Independent steps run concurrently. Dependencies are inferred automatically from step_span() references — no manual wiring needed.


Calling runnables

All Agent, Workflow, and Tool instances share the same interface.

# Collect all events, return final OutputEvent
result = await agent.collect(prompt="Hello")
print(result.output)           # final result
print(result.status.code)      # "success" | "error" | "cancelled"
print(result.usage)            # {"anthropic/claude-sonnet-4-6:input_tokens": 42, ...}

# Or stream events
async for event in agent(prompt="Hello"):
    if isinstance(event, DeltaEvent) and isinstance(event.item, TextDelta):
        print(event.item.text_delta, end="", flush=True)

Models

Any provider, one interface. Model strings follow provider/model-name:

anthropic/claude-sonnet-4-6       openai/gpt-4o
anthropic/claude-opus-4-7         openai/gpt-5.5
anthropic/claude-opus-4-6         openai/gpt-4o-mini
anthropic/claude-haiku-4-5        openai/o3
google/gemini-2.5-flash           groq/llama-3.3-70b-versatile
google/gemini-2.5-pro-preview     xai/grok-3
cerebras/llama-3.3-70b            sambanova/Meta-Llama-3.3-70B-Instruct

Full list and context window sizes in python/timbal/core/models.py.


Structured output

from pydantic import BaseModel

class Analysis(BaseModel):
    sentiment: str
    confidence: float
    summary: str

agent = Agent(model="openai/gpt-4o-mini", output_model=Analysis)
result = await agent.collect(prompt="Analyse: 'Timbal makes AI easy'")
print(result.output.sentiment)     # "positive"
print(result.output.confidence)    # 0.97

Streaming

from timbal.types.events import DeltaEvent
from timbal.types.events.delta import TextDelta

async for event in agent(prompt="Write a short poem"):
    if isinstance(event, DeltaEvent) and isinstance(event.item, TextDelta):
        print(event.item.text_delta, end="", flush=True)

Memory compaction

Long conversations grow large.
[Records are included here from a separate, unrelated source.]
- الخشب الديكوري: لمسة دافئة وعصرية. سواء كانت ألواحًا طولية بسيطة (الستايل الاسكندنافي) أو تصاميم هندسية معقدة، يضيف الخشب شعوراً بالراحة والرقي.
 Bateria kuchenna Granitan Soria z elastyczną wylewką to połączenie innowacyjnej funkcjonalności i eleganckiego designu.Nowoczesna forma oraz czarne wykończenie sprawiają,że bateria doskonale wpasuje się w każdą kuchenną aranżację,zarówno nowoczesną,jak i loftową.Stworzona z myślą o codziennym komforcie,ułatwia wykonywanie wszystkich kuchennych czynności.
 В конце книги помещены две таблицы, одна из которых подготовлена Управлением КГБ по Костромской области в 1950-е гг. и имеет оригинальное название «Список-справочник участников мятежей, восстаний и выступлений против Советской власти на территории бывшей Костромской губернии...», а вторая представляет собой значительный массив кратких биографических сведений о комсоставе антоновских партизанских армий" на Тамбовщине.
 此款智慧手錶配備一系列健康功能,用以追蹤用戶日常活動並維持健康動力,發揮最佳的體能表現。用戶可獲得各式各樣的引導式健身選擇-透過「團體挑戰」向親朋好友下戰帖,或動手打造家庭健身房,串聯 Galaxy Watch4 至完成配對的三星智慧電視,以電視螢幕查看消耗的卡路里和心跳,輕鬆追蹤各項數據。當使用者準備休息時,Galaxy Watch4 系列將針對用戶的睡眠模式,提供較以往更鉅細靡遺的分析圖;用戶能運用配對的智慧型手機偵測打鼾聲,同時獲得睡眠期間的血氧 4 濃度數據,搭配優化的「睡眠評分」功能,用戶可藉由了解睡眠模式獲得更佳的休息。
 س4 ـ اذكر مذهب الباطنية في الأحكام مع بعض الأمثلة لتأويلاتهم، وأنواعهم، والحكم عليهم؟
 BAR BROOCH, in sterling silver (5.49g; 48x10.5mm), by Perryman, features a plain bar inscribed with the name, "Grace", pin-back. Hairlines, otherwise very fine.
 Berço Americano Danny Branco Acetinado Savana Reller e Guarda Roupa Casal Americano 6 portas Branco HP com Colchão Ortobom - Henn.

Timbal has built-in strategies to keep context under control.

from timbal.core.memory_compaction import (
    compact_tool_results,
    keep_last_n_messages,
    keep_last_n_turns,
    summarize,
)

agent = Agent(
    model="anthropic/claude-sonnet-4-6",
    max_tokens=2048,
    memory_compaction=[
        compact_tool_results(keep_last_n=2),   # compress old tool outputs
        keep_last_n_turns(10),                 # keep last 10 user↔assistant turns
    ],
    memory_compaction_ratio=0.75,              # trigger at 75% context window usage
)

Strategies:

  • compact_tool_results(keep_last_n, threshold, replacement) — strips old tool results, optionally replacing with a summary string
  • keep_last_n_messages(n) — hard truncation, structure-aware (no orphaned tool pairs)
  • keep_last_n_turns(n) — keep last N user+assistant pairs
  • summarize(threshold, model, keep_last_n, max_summary_tokens) — async LLM-based summarization of old messages

Strategies are applied in order. Multiple strategies can be combined.


Skills

Skills are reusable, self-documenting tool packages. They sit on disk and are loaded into the agent's context only when the LLM explicitly requests them via the auto-injected read_skill tool.

skills/
└── web_research/
    ├── SKILL.md          # frontmatter + docs shown to the LLM
    └── tools/
        ├── search.py
        └── scrape.py
# SKILL.md
---
name: "web_research"
description: "Search the web and scrape pages"
---
Use `search(query)` to find pages, then `scrape(url)` to get the content.
agent = Agent(
    model="anthropic/claude-sonnet-4-6",
    skills_path="./skills",
    max_tokens=2048,
)

The agent sees skill names and descriptions at startup. It calls read_skill("web_research") to load the tools and documentation when needed — keeping context clean until the skill is actually required.


MCP servers

Connect agents to any Model Context Protocol server.

from timbal.core import MCPServer

# Local server via stdio
mcp = MCPServer(
    transport="stdio",
    command="npx",
    args=["-y", "@modelcontextprotocol/server-filesystem", "."],
)

# Remote server via HTTP
mcp = MCPServer(
    transport="http",
    url="https://my-mcp-server.com",
    headers={"Authorization": "Bearer token"},
)

agent = Agent(
    model="anthropic/claude-sonnet-4-6",
    tools=[mcp],
    max_tokens=2048,
)

Conditional workflows

workflow = (
    Workflow(name="pipeline")
    .step(validate_input)
    .step(
        process,
        when=lambda: get_run_context().step_span("validate_input").output["valid"],
        data=lambda: get_run_context().step_span("validate_input").output["data"],
    )
    .step(
        notify_failure,
        when=lambda: not get_run_context().step_span("validate_input").output["valid"],
    )
)

Steps with when= are skipped (not failed) when the condition is False. Downstream steps that depend on a skipped step are also skipped automatically.


Observability

Timbal has a layered tracing system. Every run produces a full span trace.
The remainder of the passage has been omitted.